Ma la scheda video ha un connettore hdmi o usi un adattatore dvi/hdmi?

Nel secondo caso viene comunque inviato anche il segnale audio, ma bisogna collegare l'uscita s/pdif della scheda audio a quella video dato che non vi è alcun device dedicato all'audio hdmi.

----------

## fbcyborg

La mia scheda video ha:

 1 connettore DVI

 1 connettore HDMI

 1 connettore VGA

Fino a una settimana fa usavo un cavo DVI (lato scheda) -> HDMI (lato monitor), ma da quando sono passato ad un cavo HDMI->HDMI mi sono posto questo problema dell'audio.

Quindi per rispondere alla tua domanda: sì, ho un connettore HDMI.

----------

## Zizo

A questo punto tutti gli indizi portano alla conclusione che l'audio viene trasmesso dalla scheda madre/audio a quella video tramite il connettore audio digitale s/pdif, in quanto il connettore hdmi della tua scheda è molto probabilmente collegato direttamente a quello dvi, in una sorta di adattatore interno (molto comune).

Controlla quindi che il cavetto s/pdif sia collegato: è un doppino che nella forma più grezza è simile ai fili che dalla parte frontale del case vanno alla scheda madre.

Google per le immagini su "spdif nvidia"   :Wink: 

----------

## fbcyborg

Ed infatti, ecco che riandando a spulciare nella scatola della mia scheda nVidia, è saltato fuori quel fantomatico cavetto.

Collegandolo ad una delle due prese bianche della scheda video da un lato, e alla piastra madre dall'altro, ecco che sputa fuori l'audio dalle casse del monitor.

L'unica cosa è che se voglio regolare il volume con alsamixer per quanto riguarda S/PDIF o S/PDIF D, non mi fa alzare nulla, e devo dire, che la qualità dell'audio non è proprio delle migliori (poco male).

GRAZIE!!!!

----------

## Zizo

Bene.

Ricapitolando: se la scheda video non ha il device per l'audio serve il cavetto s/pdif dalla scheda madre/audio a quella video. Probabilmente non serve nemmeno SND_HDA_CODEC_NVHDMI. Confermi?   :Wink: 

EDIT: Per curiosità cosa riporta un "cat /proc/asound/cards; cat /proc/asound/pcm"?Last edited by Zizo on Fri Oct 22, 2010 4:45 pm; edited 1 time in total

----------

## fbcyborg

Ah, ho capito perché non posso controllarlo in alsamixer. 
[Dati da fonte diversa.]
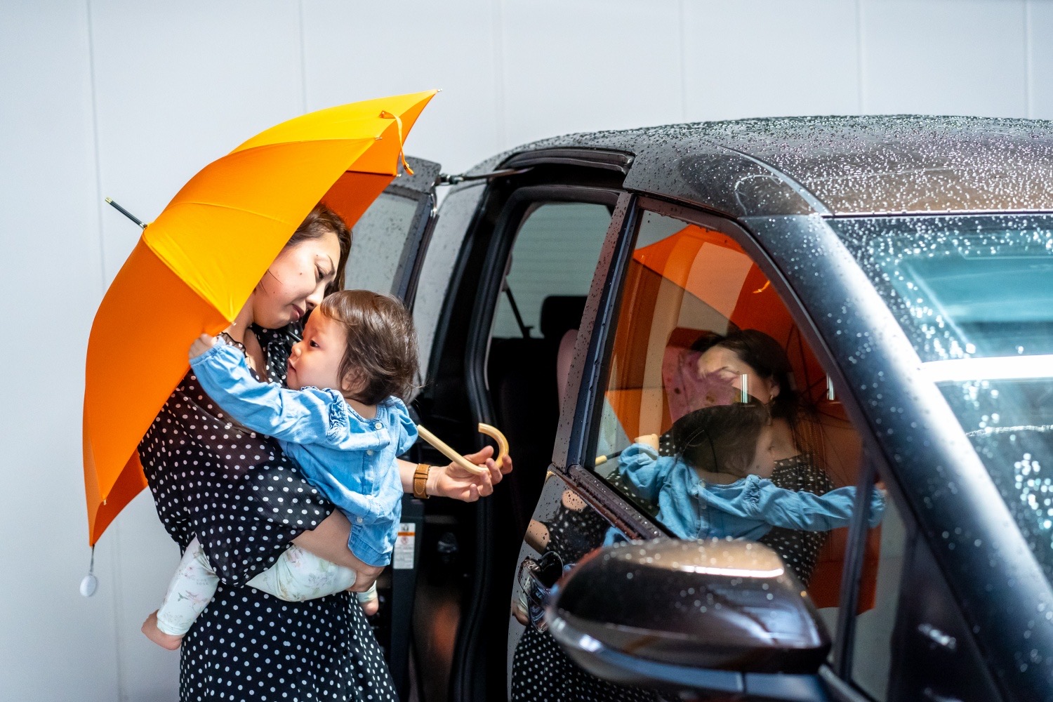 Choitoは特に子育て世代に多い“あるある”の悩みを解決する為に生まれた、傘専用のマグネットストラップです。傘にChoitoを取り付けるだけで、車の天井にピタッとくっついて傘が屋根がわりになります。

Confermo che non serve quel modulo. Alla fine questo è solo un ponticello fra la scheda madre e la scheda video, mentre, se ho capito bene, ci sono schede video che hanno proprio una scheda audio integrata.

----------

## Zizo

Si esatto, per esempio sul mio htpc ho una Nvidia GT240 con il relativo device e senza il cavetto.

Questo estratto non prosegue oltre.